Did that 400M in gifts help? Does every new player get 400M in gifts? Then I don't think your statement that every new player can get to play for free fits.

Gevlon said...

@Goodmongo: I made 256M on the top of the gifts.

chewy said...

The ".com" comparison doesn't work for the reasons that Azuriel has stated. At the time (and yes, I was there) no one had the slightest notion what was a crazy idea and what would make a lot of money, but either way it doesn't make a good analogy for what your discussing, they didn't fail because of a lack of business experience.

Boxington said...

Boxington here:

Two responses to Gevelon’s excellent post today. First, my main point was that one would need to further specify why the Plex->Isk conversion was not desirable, and Gevlon provided that by saying it would correlate with making stupid investment decisions because it was more capital than the player had the skill to invest properly. While others in this comment thread suggested that is not a legitimate rationale, Gevlon has now provided a testable/falsifiable assertion, and so makes Gevlon’s statement both cogent and interesting.

Secondly, my take on if Gevlon’s assumption is a good one or not is that it depends on whether the “risk is properly priced.” Risk analysis, and the identification of risk premia, is a huge topic in economics and debatably related to the origin of the great recession. Gevlon’s statement that the plex->isk converter is likely going to make a stupid investment, if we convert it to traditional economic terms, is basically saying that the Risk Premium associated with giving a large venture capital investment to a new player is too large to justify the investment (i.e. the venture capital would be better invested in someone with a lower risk premium, even if they had a lower average expected ROI).

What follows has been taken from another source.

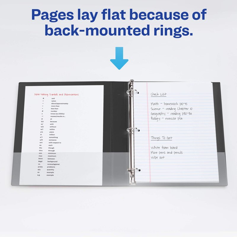 - Important documents and presentation materials stay flat like they're supposed to because slant rings are mounted on the rear binder panel instead of on the spine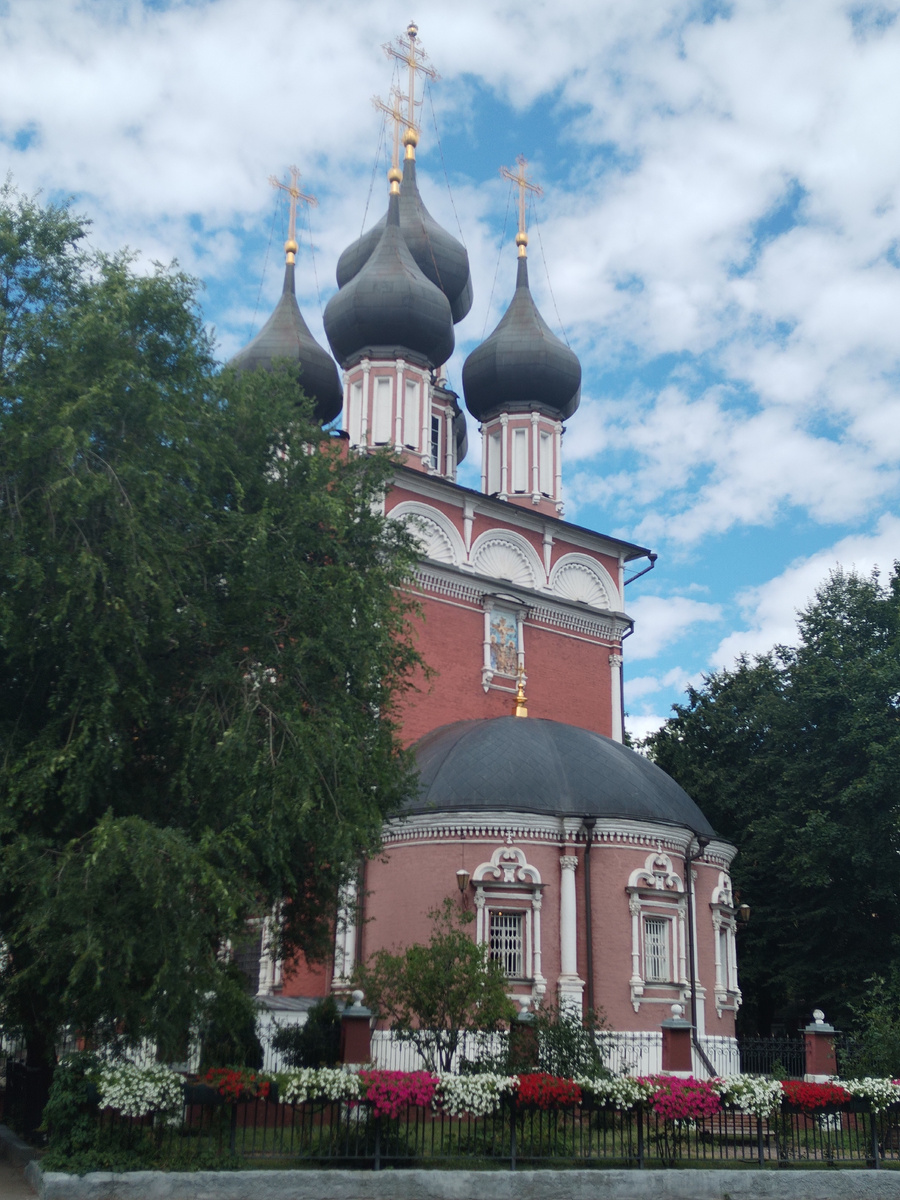 Нынче прогулка началась, как водится, с поисков места для парковки. Припарковались у церкви Ризоположения на Донской. Красива и сама церковь, и подвесные петунии на ограде. Церковь интересна тем, что построена в 1680 году, и не закрывалась даже в XX веке, что редкость. Среди ее святынь - икона Матроны Московской с частицей мощей (но сюда, в отличие от Покровского монастыря, к мощам не стоит многочасовая очередь) и придел великомученицы Екатерины. Так уж повелось, что я считаю эту святую своею покровительницей, хотя и не могу назвать себя православной христианкой.

But the catch to all of this in the plex->isk case is that the venture capital investor is the same player as the user of the investment. This makes analysis somewhat complex because now the supply and demand of credit collapse into one firm’s decision process. But in other ways, it makes it simplified, because now the utility maximizing rule becomes simply “Invest in project A if the risk adjusted, discounted value of the ROI on A is less than the opportunity cost of BOTH the investments’ next best use AND the opportunity cost of what the player could have done with the time it would take to generate a similar sized sum of capital with the next most profitable venture.” That’s a mouthful, but it summarizes to the dictum: “You are rational to convert plex->isk if your ability to earn Dollars/Euros is greater than your ability to earn ISK directly once risk and discount rate (the time preferences of “I want it now”) have been properly accounted for.” Gevlon is basically saying that the risk premium is too high and that a person would not be rational to convert IRL currency to ISK, but again, this is a testable/falsifiable statement, and it would dramatically depend on what the IRL income of the player is.

Throughout this analysis, though, is the assumption that we do not lose utility directly from the conversion of IRL currency to In-Game currency. That assumption doesn’t hold for me personally, why is why I have never actually bought a plex. It would ruin the game for me, but this has nothing to do with the traditional economic analysis of risk, and is just a violation of the assumption of rationality an economist typically makes (excluding behavioral economists etc.).